Does dieting become easier?

I’m attempting to limit myself to 1500 calories per day. I can keep to 1600 easily, but 1500 is difficult. It’s not that I’m particularly hungry; I just want a nibble before bed or during work. If I stick to it, will it be easier to deal with the cravings?

When I was 30, my pancreas failed and I had type 1 diabetes. Everything about my diet needed to alter. I can’t even begin to describe what it’s like to transition from being a normal person who eats normal food to having to stick to tight calorie and carbohydrate restrictions, meal time, and so on. I had to basically reinvent myself overnight. The old, normal me was gone, and the new diabetic me had taken its place.
So it’s been seven years now. Do you know what? I don’t remember what it was like the other way around. Adhering to my stringent food regimen is actually very simple. In fact, knowing that my eating regimen is regular and my blood sugar responds to my behaviour provides some comfort to me. In many ways, my practice has probably made me healthier than the majority of people.

It does! The improvements you’ve made to your diet will eventually become habits. That’s when it gets easier. The goal is to get over the ‘hump’ that exists between the time when your dietary adjustment requires effort and the time when it becomes your new normal.

It helps to take things one day at a time. Take one meal at a time. Simply get through the next one. Focus on that. Eventually, you’ll discover it’s no longer an effort.

Yes, weight loss becomes easier over time. When I first started my weight loss quest, I found it almost tough to stick to any diet. I was always hungry, which made it much more difficult for me to meet any of my weight loss goals.

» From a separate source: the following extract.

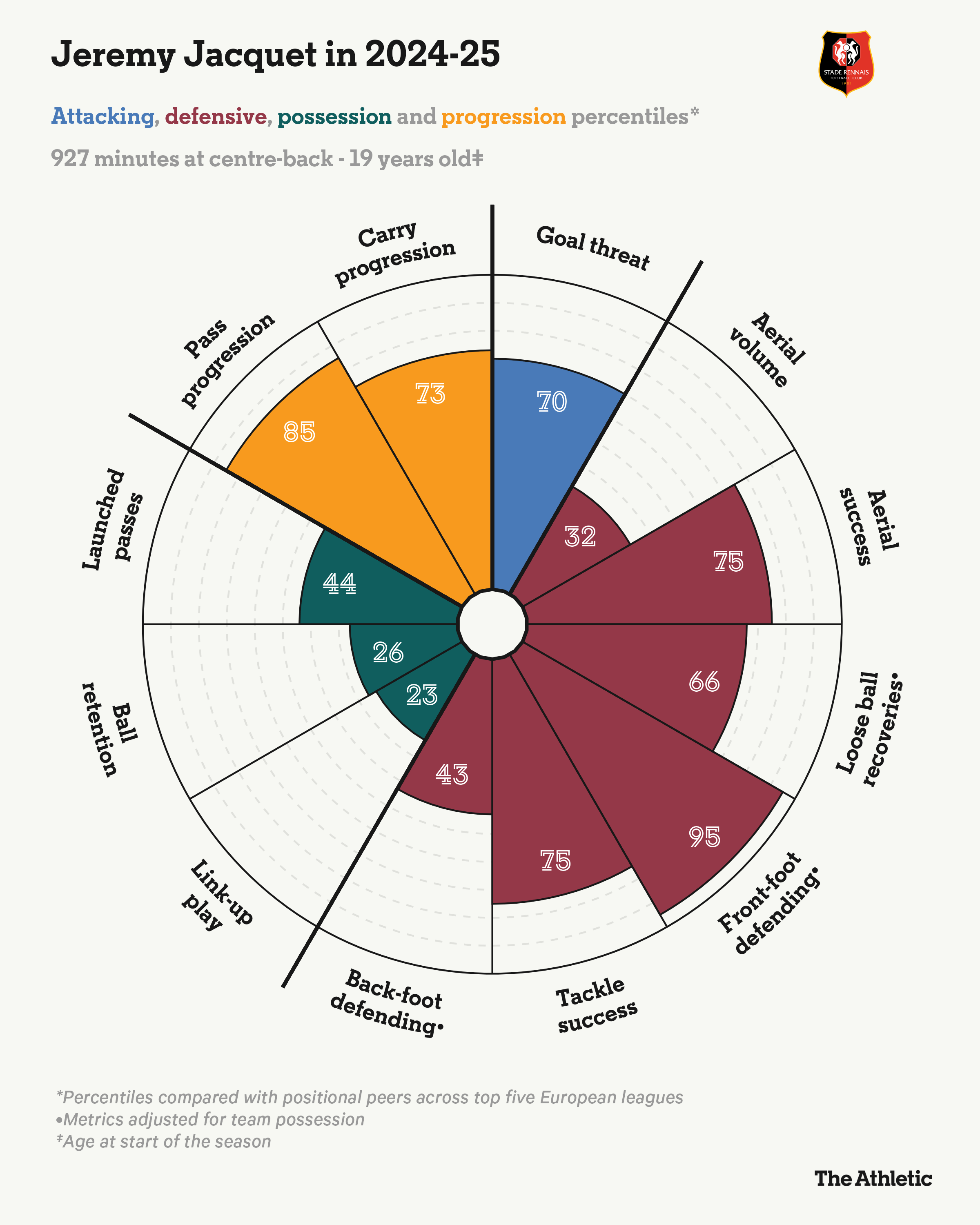 評估中后衛(wèi)有其挑戰(zhàn)性,因?yàn)榉朗財(cái)?shù)據(jù)難以量化,這是由于影響因素眾多。對于雅凱來說,可供參考的樣本量也有限,他曾代表雷恩一線隊(duì)出場31次,并代表法乙球隊(duì)克萊蒙出場24次,他在2024-25賽季開始時(shí)被租借到克萊蒙,之后被召回。不過,在歐洲五大聯(lián)賽中,只有三名U21球員在中后衛(wèi)位置上的出場時(shí)間比雅凱更多。

I began the Keto diet, which everyone was raving about, and I was determined to stick to it till I succeeded. So I started following a keto diet plan that a buddy recommended (you can find it in my bio), and my goal was to adhere to it until I lost at least 60 pounds.

I can tell you now that it was not simple. I battled a lot in my first six months, and I on the brink of giving up but I was determined to see this through. I can happily say that I’ve now lost over 100 pounds thanks to my diet!

Feeling hungry is one of the most difficult aspects of losing weight. However, new Danish research suggests that if you can maintain your weight loss for a year, that feeling may diminish.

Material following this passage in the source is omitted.